First off, thank you for a great library!

We use Avro's Single Object Encoding [1] to add a little header to binary payloads; basically:

magic := []byte{0xc3, 0x01}
fingerprint, _ := schema.FingerprintUsing(avro.CRC64Avro)
header := append(magic, fingerprint...)

In interop with the canonical Java library, we see failures to identify the schema here [2]. That code is very Java, but it essentially decodes the 8 fingerprint bytes, little endian, into a 64-bit integer. Their fingerprinting algorithm produces a little-endian byte sequence [3], so that's consistent.

Unfortunately there's a byte-order inconsistency with hamba/avro here. Your CRC64 implementation produces a big-endian fingerprint [4].

The specification doesn't say anything about byte order or representation of fingerprints in the abstract (only for Single Object Encoding), but I wonder if it would be a good idea to be consistent to avoid interop surprises?

This is a breaking change, of course, so if that's a concern, would you consider taking patches for a separate little-endian fingerprint type avro.CRC64LE? Or would you prefer to turn the default? Or leave it to clients, maybe with a doc update somewhere? I'm happy to do the work if you guide me as to what changes you'd prefer (if any).

[1] https://avro.apache.org/docs/1.11.1/specification/#single-object-encoding
[2] https://github.com/apache/avro/blob/8e51c7e1c14116545c7b08e72f649064cbd9f1bb/lang/java/avro/src/main/java/org/apache/avro/message/BinaryMessageDecoder.java#L156
[3] https://github.com/apache/avro/blob/8e51c7e1c14116545c7b08e72f649064cbd9f1bb/lang/java/avro/src/main/java/org/apache/avro/SchemaNormalization.java#L64
[4]

avro/pkg/crc64/crc64.go

Line 96 in 68046a4

    
           return [Size]byte{byte(s >> 56), byte(s >> 48), byte(s >> 40), byte(s >> 32), byte(s >> 24), byte(s >> 16), byte(s >> 8), byte(s)}

The text was updated successfully, but these errors were encountered:

kimgr · 2025-01-16T11:13:26Z

Heh, also when trying to work around this, I was bitten by the schema cache in FingerprintUsing which effectively uses a global variable for each (schema,algo) pair. Reversing byte order on the returned fingerprint would modify the cached state and only work every other time.

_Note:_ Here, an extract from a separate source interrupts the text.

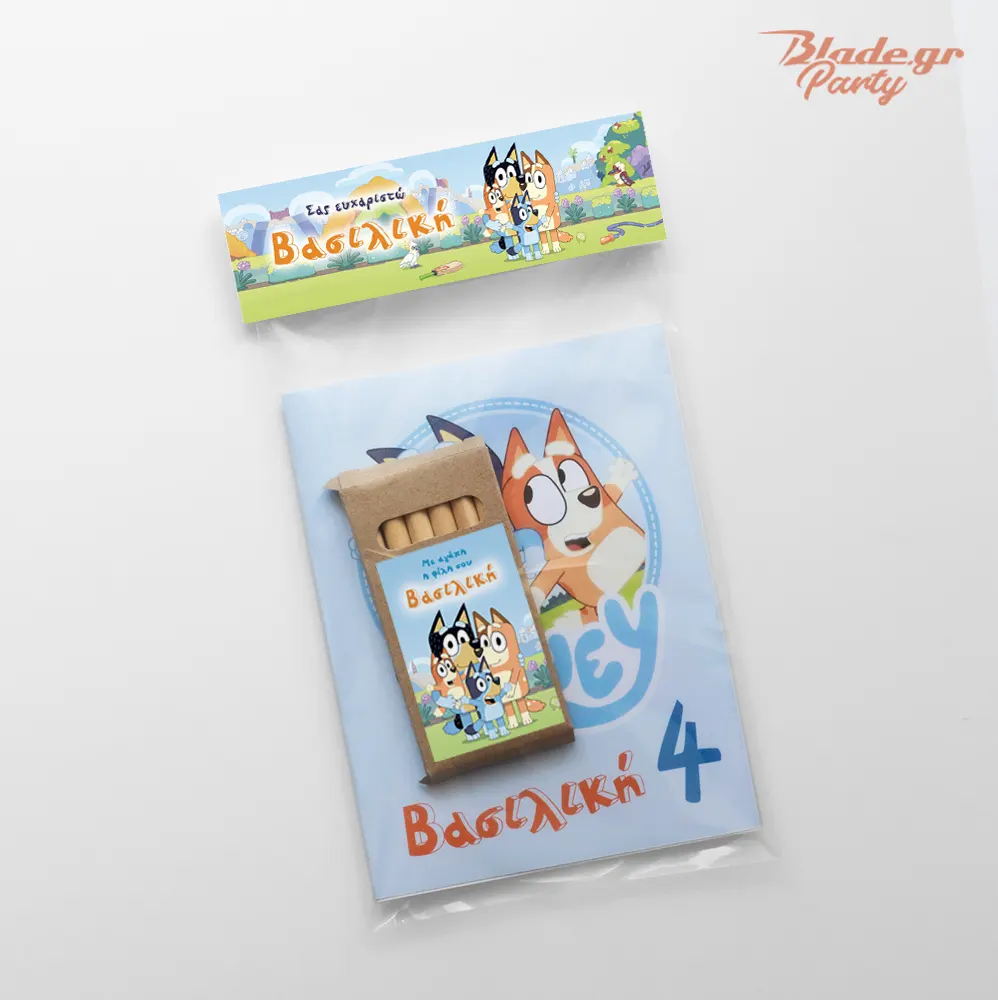 - 🖍️ 1 μικρή συσκευασία ξυλομπογιών με προσωποποιημένη ετικέτα Bluey

nrwiersma · 2025-01-16T18:01:12Z

Huh, i thought I got that right, was pretty sure I used the Java tests, but obviously I messed that up.

Thanks for catching this.

I like the idea of avro.CRC64LE to make it non-breaking and possibly documenting this in the README. This can get cleaned up in the next major.

kimgr · 2025-01-16T18:44:28Z

Thanks, I can work up a PR!

The Avro specification details a Single Object Encoding using a header to associate a schema ID with an Avro payload. The ID is defined as the CRC64 fingerprint in little-endian encoding. The pkg/crc64 module only provides big-endian CRC64, and the CRC64-AVRO fingerprint type is implemented as such. The specification does not detail endianness of the CRC64-AVRO fingerprint itself (only when embedded in an SOE header). To avoid breaking existing CRC64-AVRO fingerprints, add a new fingerprint type CRC64-AVRO-LE, identical to CRC64-AVRO except little-endian. Add an additional crc64.SumLittleEndian function to distrurb existing code as little as possible. Add tests and benchmarks for the Sum functions. Fixes hamba#489.

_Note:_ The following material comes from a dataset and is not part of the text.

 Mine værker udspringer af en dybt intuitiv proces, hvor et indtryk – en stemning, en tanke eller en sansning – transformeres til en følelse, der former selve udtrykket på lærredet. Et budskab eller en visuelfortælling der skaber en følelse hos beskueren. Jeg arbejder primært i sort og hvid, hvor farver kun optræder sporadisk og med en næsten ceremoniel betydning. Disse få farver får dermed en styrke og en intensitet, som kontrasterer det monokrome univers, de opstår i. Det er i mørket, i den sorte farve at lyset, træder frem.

The Avro specification details a Single Object Encoding using a header to associate a schema ID with an Avro payload. The ID is defined as the CRC64 fingerprint in little-endian encoding. The pkg/crc64 module only provides big-endian CRC64, and the CRC64-AVRO fingerprint type is implemented as such. The specification does not detail endianness of the CRC64-AVRO fingerprint itself (only when embedded in an SOE header). To avoid breaking existing CRC64-AVRO fingerprints, add a new fingerprint type CRC64-AVRO-LE, identical to CRC64-AVRO except little-endian. Generalize crc64.Sum() with a ByteOrder, so users can choose big/little/native encodings as required. Add tests and benchmarks for the Sum function. Fixes hamba#489.

kimgr · 2025-01-20T12:26:28Z

I added two PRs with slightly different takes:

feat: add CRC64-AVRO-LE fingerprint type #491 is my favorite -- it generalizes crc64.Sum() to let users pick byte order explicitly. Possible cons: noisy dependency on encoding/binary.ByteOrder. Benchmark shows 1 extra alloc for forming the [:] slice for PutUint64, but I believe that will happen in FingerprintUsing anyway, so I think this just shifts the allocation earlier.
feat: add CRC64-AVRO-LE fingerprint type #490 is as non-intrusive as I can make it.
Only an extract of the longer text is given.